--- GIVEN DATA Enclosed Below ---

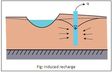 It is an indirect method of artificial recharge. In this method water is pumped from the aquifer hydraulically connected to the surface water sources like stream, river or lake. Due to pumping, a reverse gradient is formed and water from the surface water source enters into the aquifer and thus the aquifer is recharged . This method is good, especially when quality of the surface water is poor. The filtration of surface water through soil strata removes the impurities of the water. Thus the quality of the water receives in the wells is much better than the surface water. |
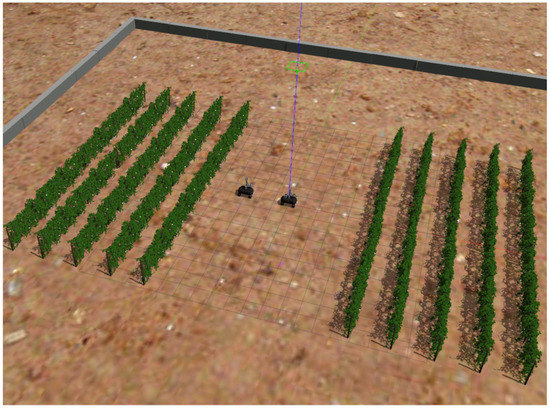 The simulation was developed within the open-source Gazebo simulation environment. Gazebo is the standard for the simulation of virtual environments and has a strong integration with the ROS environment. It features a physics engine for studying the dynamics of the robotic system and provides accurate visualization. To recreate a realistic virtual vineyard, a 3D model of a vineyard was utilized. Vineyard rows were created by positioning repeating vineyard models opposite to each other at a realistic row width of 2.5 m. The ground was a flat surface with friction characteristics similar to soil. The simulation environment can be seen in Figure 1.
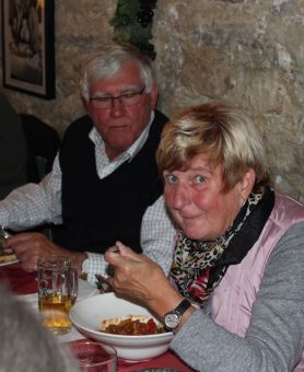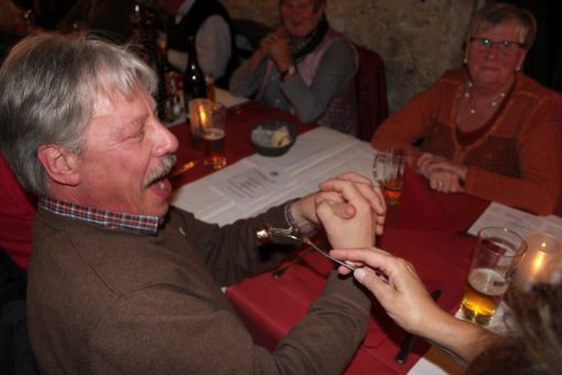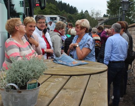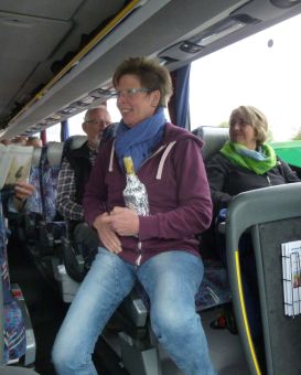 Vor der Weiterfahrt gaben Elisabeth und Karl Warmers auf ihr Ehejubiläum eine Runde, auch Busfahrer Bernd ließ sich seinen runden Geburtstag anmerken...
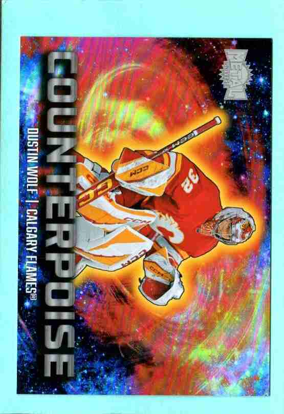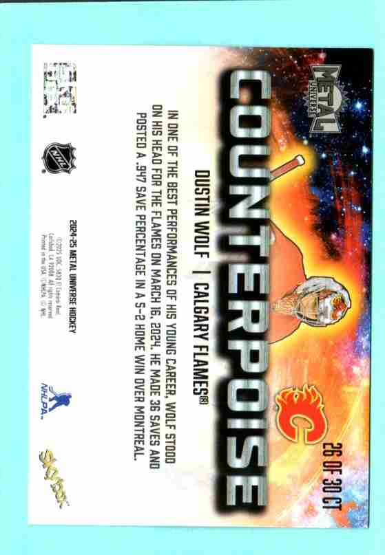 Featuring Dustin Wolf of the Calgary Flames, this Counterpoise insert (26 of 30) stands out with its vibrant cosmic foil design and strong visual impact—one of the more eye-catching inserts in Metal Universe.

--- End of Enclosed GIVEN DATA ---

• _YOUR GOAL_
Print the listing exactly, but skip its pictures.

• _TASK RESPONSE_
 It is an indirect method of artificial recharge. In this method water is pumped from the aquifer hydraulically connected to the surface water sources like stream, river or lake. Due to pumping, a reverse gradient is formed and water from the surface water source enters into the aquifer and thus the aquifer is recharged . This method is good, especially when quality of the surface water is poor. The filtration of surface water through soil strata removes the impurities of the water. Thus the quality of the water receives in the wells is much better than the surface water. |
 The simulation was developed within the open-source Gazebo simulation environment. Gazebo is the standard for the simulation of virtual environments and has a strong integration with the ROS environment. It features a physics engine for studying the dynamics of the robotic system and provides accurate visualization. To recreate a realistic virtual vineyard, a 3D model of a vineyard was utilized. Vineyard rows were created by positioning repeating vineyard models opposite to each other at a realistic row width of 2.5 m. The ground was a flat surface with friction characteristics similar to soil. The simulation environment can be seen in Figure 1.
 Vor der Weiterfahrt gaben Elisabeth und Karl Warmers auf ihr Ehejubiläum eine Runde, auch Busfahrer Bernd ließ sich seinen runden Geburtstag anmerken...
 Featuring Dustin Wolf of the Calgary Flames, this Counterpoise insert (26 of 30) stands out with its vibrant cosmic foil design and strong visual impact—one of the more eye-catching inserts in Metal Universe.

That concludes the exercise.